En una escena que parece sacada de una ficción de mal gusto, pero que ocurrió en la cruda realidad de nuestros tribunales, Gonzalo Carpintero reapareció para convertirse en el «abogado del diablo» de la cuestionada fiscal Julieta Gamarra.
En medio de una audiencia judicial, el exfuncionario no escatimó en flores para la mujer que hoy está bajo la lupa por, presuntamente, vender «libertades» al mejor postor.
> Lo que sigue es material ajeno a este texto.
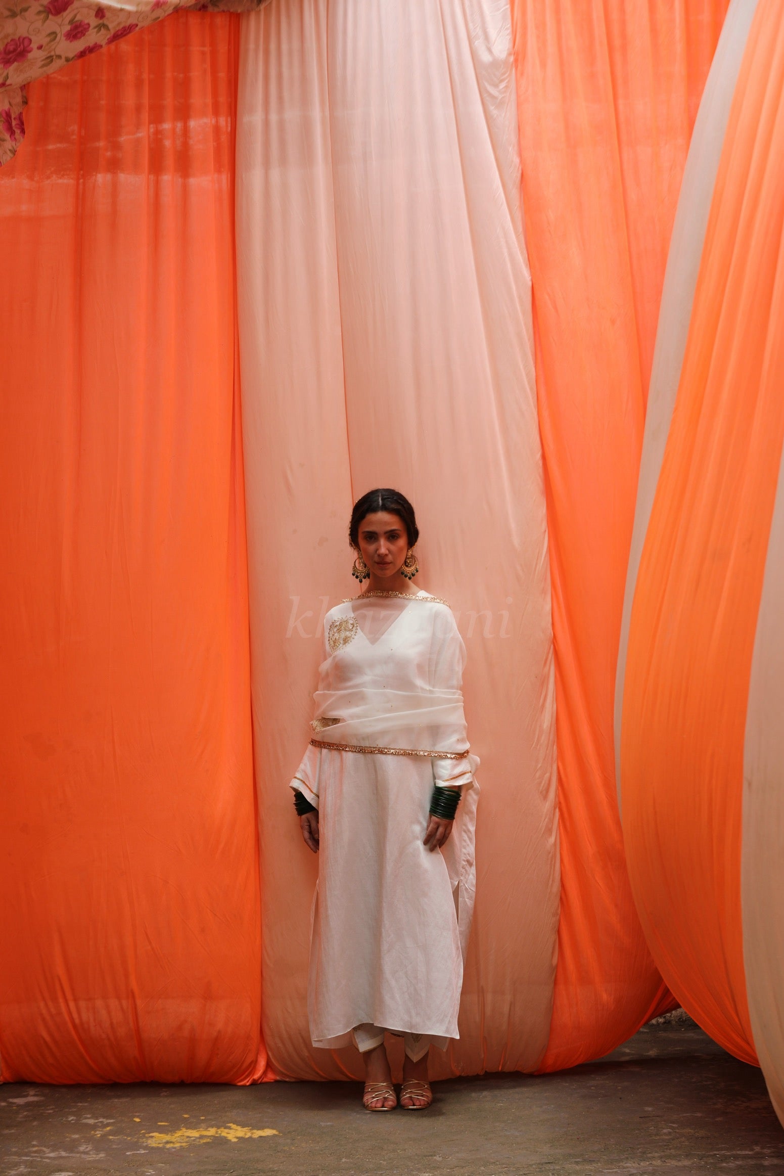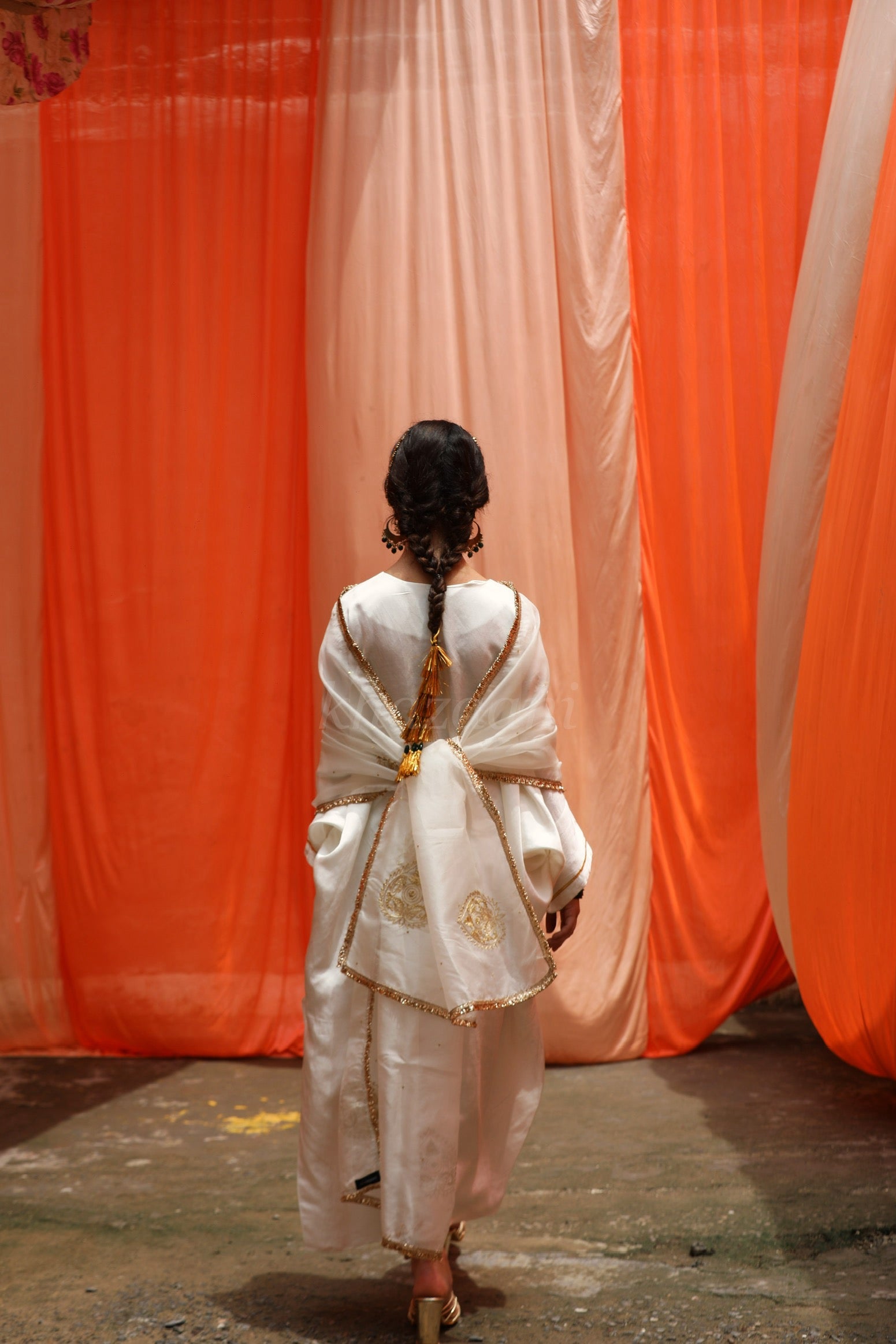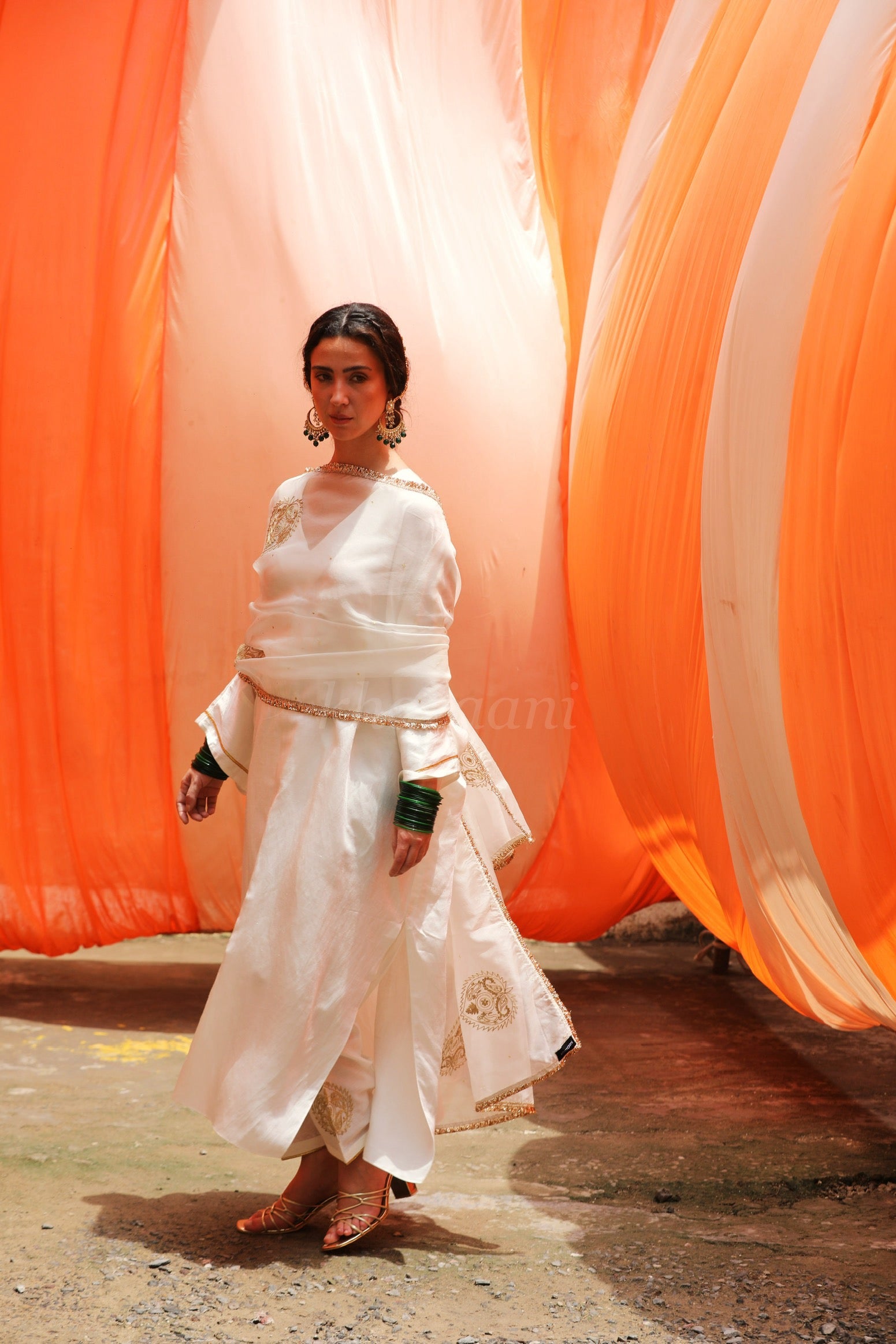 A satin silk kaftan kurta worn with salwar and an organza dupatta; highlighted with signature Romi motif and kiran.
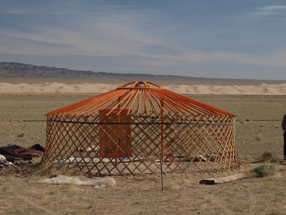 photo de yourte en construction ossature de yourte par Vincent Dessaint photographe
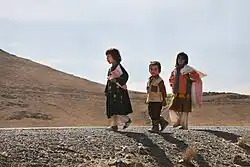 Afghan children walk along a road near a bazaar in the Gelan district, Ghazni province, Afghanistan, Nov. 2, 2013
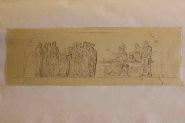 Studio per scena storica (Istituzione della Corona Ferrea). A penna e inchiostro nero su carta da lucido. Riquadrato a penna e inchiostro nero
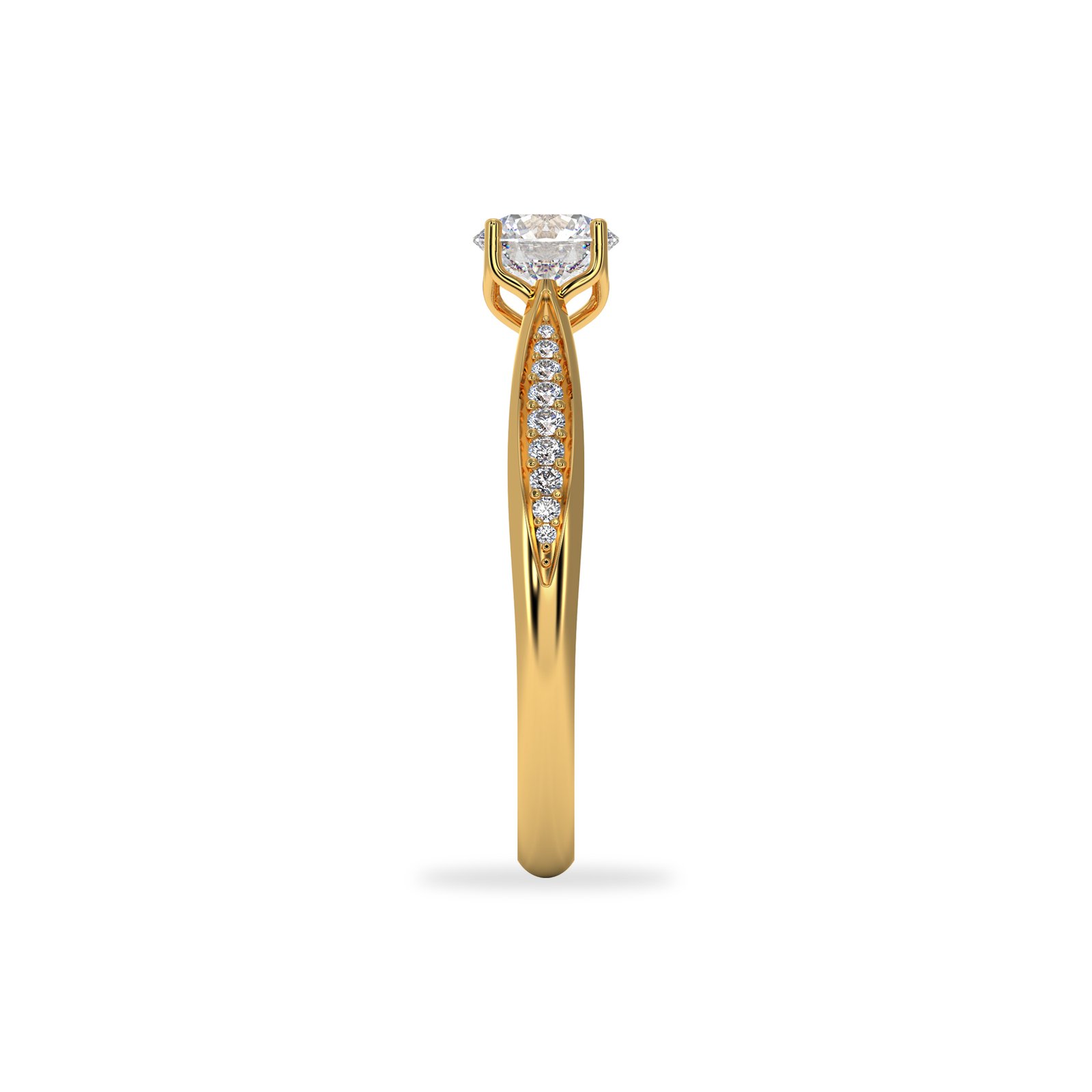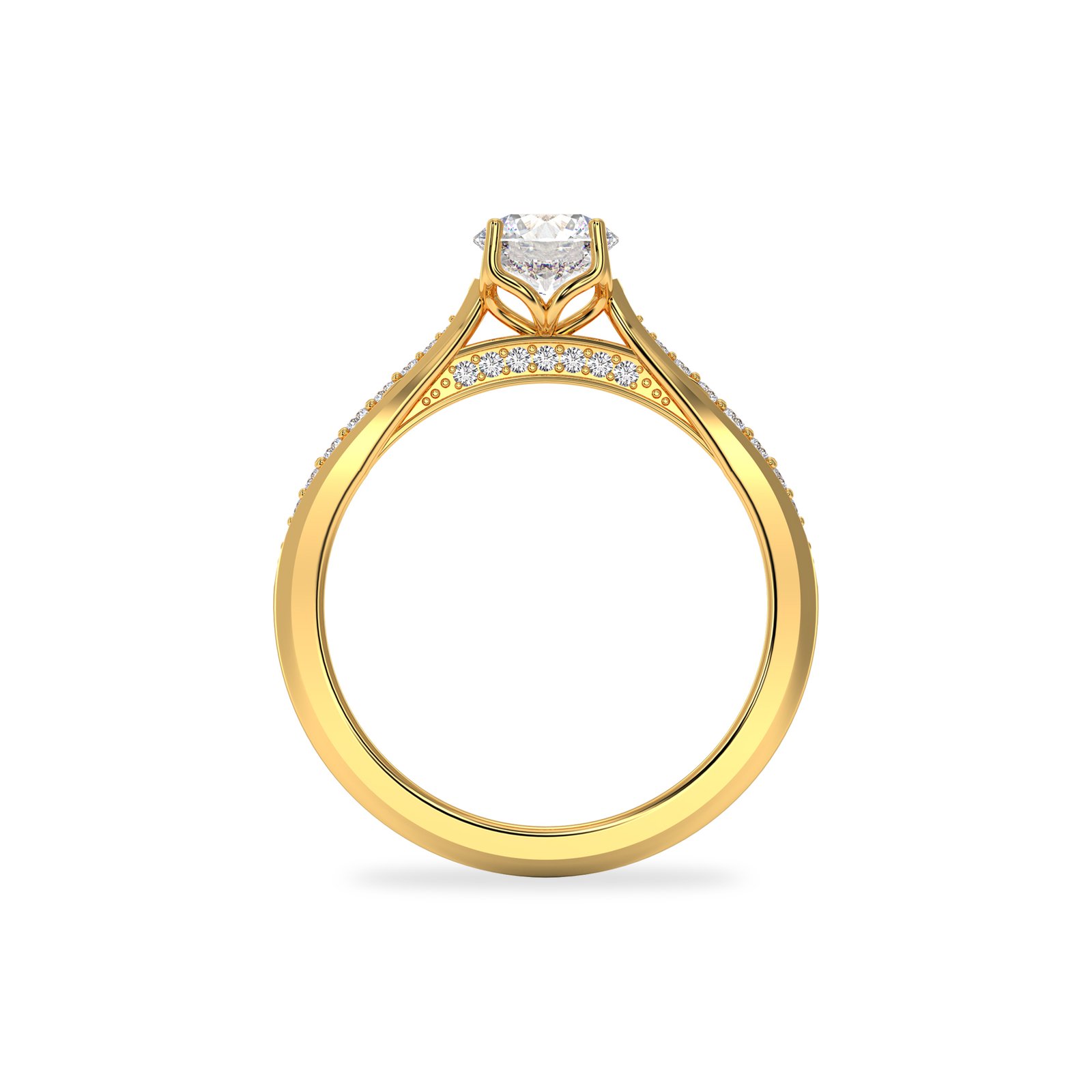 This elegant round cut solitaire engagement ring features a brilliant 6.00 mm center stone (approximately 0.75 carats) set in a secure prong setting that maximizes sparkle and brilliance. The slim band is beautifully accented with pavé diamonds, adding subtle shimmer while keeping the focus on the stunning center stone.

Elogios que huelen a impunidad
Mientras la sociedad exige transparencia ante las denuncias que vinculan a Gamarra con el cobro de coimas para beneficiar a delincuentes, Carpintero decidió usar su tiempo frente al juez para destacar la «buena fe» de la fiscal.
»Quise primero agradecerle a usted y a la doctora Gamarra… realmente tengo los mejores conceptos de la doctora», lanzó Carpintero.
Para el polémico personaje, Gamarra es un ejemplo de la «carrera judicial». Aseguró que la respeta profundamente porque «se ha formado, se ha preparado y ha rendido». ¿Será que rinde cuentas en el expediente o en otro lado? La duda queda flotando en el aire de una provincia cansada de los manejos turbios.
El estrado: su refugio para evitar a la prensa
Carpintero fue claro: no quiere hablar con los medios, prefiere el «microclima» de la justicia para tirar sus centros. “No hablé en los medios porque quería hablar acá”, sentenció. Según él, Gamarra simplemente “está haciendo su trabajo” y hasta se animó a felicitarla públicamente, asegurando que actúa de «buena fe».
La sombra de las coimas y los 12 millones
Este «operativo clamor» de Carpintero se da justo cuando el nombre de Julieta Gamarra aparece manchado por acusaciones de una red de corrupción destinada a liberar presos o rebajar condenas a cambio de jugosas sumas de dinero.
El video de la audiencia, que ya circula en redes, cierra con una pregunta que quema: ¿Cómo se llama la obra? ¿12 millones o más?.
El respaldo de un hombre como Carpintero, lejos de ayudar a la fiscal, parece hundirla más en el fango de la sospecha.
En Cholila Online te lo preguntamos de frente: ¿Es este el nivel de justicia que nos merecemos? El debate está más caliente que nunca y la confianza pública, por el piso.